RECORDS SHOWN
++++

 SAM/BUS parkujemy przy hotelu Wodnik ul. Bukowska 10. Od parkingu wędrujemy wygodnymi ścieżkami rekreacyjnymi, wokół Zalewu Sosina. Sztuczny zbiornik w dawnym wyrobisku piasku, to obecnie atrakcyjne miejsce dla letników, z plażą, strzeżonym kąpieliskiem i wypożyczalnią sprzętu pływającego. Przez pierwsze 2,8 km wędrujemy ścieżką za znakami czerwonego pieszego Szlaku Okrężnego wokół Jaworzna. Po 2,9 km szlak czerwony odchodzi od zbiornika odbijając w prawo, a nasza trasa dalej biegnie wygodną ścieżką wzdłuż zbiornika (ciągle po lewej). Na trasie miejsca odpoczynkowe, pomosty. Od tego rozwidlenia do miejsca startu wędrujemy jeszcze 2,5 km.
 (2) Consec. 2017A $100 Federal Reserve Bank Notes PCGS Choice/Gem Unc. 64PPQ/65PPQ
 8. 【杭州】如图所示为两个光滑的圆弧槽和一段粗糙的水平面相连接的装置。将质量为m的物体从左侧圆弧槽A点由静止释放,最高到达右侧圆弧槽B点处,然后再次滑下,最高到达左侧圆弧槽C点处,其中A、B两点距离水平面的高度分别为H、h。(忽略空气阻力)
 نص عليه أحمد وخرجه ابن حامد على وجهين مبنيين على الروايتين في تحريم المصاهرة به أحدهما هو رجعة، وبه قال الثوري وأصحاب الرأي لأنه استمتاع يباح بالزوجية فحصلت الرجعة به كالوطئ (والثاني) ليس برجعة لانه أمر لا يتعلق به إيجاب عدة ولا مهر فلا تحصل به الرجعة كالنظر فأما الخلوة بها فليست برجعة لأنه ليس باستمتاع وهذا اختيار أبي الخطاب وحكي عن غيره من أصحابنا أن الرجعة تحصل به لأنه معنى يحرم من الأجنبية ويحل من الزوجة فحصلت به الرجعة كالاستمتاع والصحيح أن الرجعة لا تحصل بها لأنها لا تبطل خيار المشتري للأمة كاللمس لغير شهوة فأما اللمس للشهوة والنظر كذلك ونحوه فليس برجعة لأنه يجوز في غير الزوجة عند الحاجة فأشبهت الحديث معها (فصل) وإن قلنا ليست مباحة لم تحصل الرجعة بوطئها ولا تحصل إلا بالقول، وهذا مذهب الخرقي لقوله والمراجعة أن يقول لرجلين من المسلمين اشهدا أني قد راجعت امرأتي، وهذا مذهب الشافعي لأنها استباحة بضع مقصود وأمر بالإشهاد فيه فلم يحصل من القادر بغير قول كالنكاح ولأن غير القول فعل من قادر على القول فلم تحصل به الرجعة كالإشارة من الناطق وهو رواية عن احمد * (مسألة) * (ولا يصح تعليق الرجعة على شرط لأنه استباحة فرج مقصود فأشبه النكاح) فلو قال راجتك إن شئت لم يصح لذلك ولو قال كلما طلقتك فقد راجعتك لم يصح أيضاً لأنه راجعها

++++

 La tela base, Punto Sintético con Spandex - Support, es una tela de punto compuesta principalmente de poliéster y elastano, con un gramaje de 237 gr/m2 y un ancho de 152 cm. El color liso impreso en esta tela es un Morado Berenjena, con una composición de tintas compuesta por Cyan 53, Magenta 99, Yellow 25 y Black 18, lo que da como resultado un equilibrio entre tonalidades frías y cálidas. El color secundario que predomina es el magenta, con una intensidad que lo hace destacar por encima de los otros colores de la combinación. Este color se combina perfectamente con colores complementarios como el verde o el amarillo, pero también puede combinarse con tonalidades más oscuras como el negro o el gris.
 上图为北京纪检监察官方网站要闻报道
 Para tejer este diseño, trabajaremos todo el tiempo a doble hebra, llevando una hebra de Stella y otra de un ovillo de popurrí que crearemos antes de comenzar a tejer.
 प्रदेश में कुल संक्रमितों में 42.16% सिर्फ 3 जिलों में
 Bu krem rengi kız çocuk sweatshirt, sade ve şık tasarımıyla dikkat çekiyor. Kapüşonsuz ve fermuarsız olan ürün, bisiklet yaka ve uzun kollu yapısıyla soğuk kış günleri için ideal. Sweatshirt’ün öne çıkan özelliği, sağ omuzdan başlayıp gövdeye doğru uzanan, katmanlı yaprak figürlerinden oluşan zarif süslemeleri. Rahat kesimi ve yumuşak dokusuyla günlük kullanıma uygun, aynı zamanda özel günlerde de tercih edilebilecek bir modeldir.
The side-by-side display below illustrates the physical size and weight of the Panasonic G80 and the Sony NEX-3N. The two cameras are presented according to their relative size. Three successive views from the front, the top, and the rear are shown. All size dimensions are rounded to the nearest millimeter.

++++

TASK TO CARRY OUT
From the entries above, write out only the lines starting at the line that holds "SAM/BUS parkujemy przy" and ending at the line that holds "8. 【杭州】如图所示为两个", keeping both and matching them exactly.

ANSWER SECTION
 SAM/BUS parkujemy przy hotelu Wodnik ul. Bukowska 10. Od parkingu wędrujemy wygodnymi ścieżkami rekreacyjnymi, wokół Zalewu Sosina. Sztuczny zbiornik w dawnym wyrobisku piasku, to obecnie atrakcyjne miejsce dla letników, z plażą, strzeżonym kąpieliskiem i wypożyczalnią sprzętu pływającego. Przez pierwsze 2,8 km wędrujemy ścieżką za znakami czerwonego pieszego Szlaku Okrężnego wokół Jaworzna. Po 2,9 km szlak czerwony odchodzi od zbiornika odbijając w prawo, a nasza trasa dalej biegnie wygodną ścieżką wzdłuż zbiornika (ciągle po lewej). Na trasie miejsca odpoczynkowe, pomosty. Od tego rozwidlenia do miejsca startu wędrujemy jeszcze 2,5 km.
 (2) Consec. 2017A $100 Federal Reserve Bank Notes PCGS Choice/Gem Unc. 64PPQ/65PPQ
 8. 【杭州】如图所示为两个光滑的圆弧槽和一段粗糙的水平面相连接的装置。将质量为m的物体从左侧圆弧槽A点由静止释放,最高到达右侧圆弧槽B点处,然后再次滑下,最高到达左侧圆弧槽C点处,其中A、B两点距离水平面的高度分别为H、h。(忽略空气阻力)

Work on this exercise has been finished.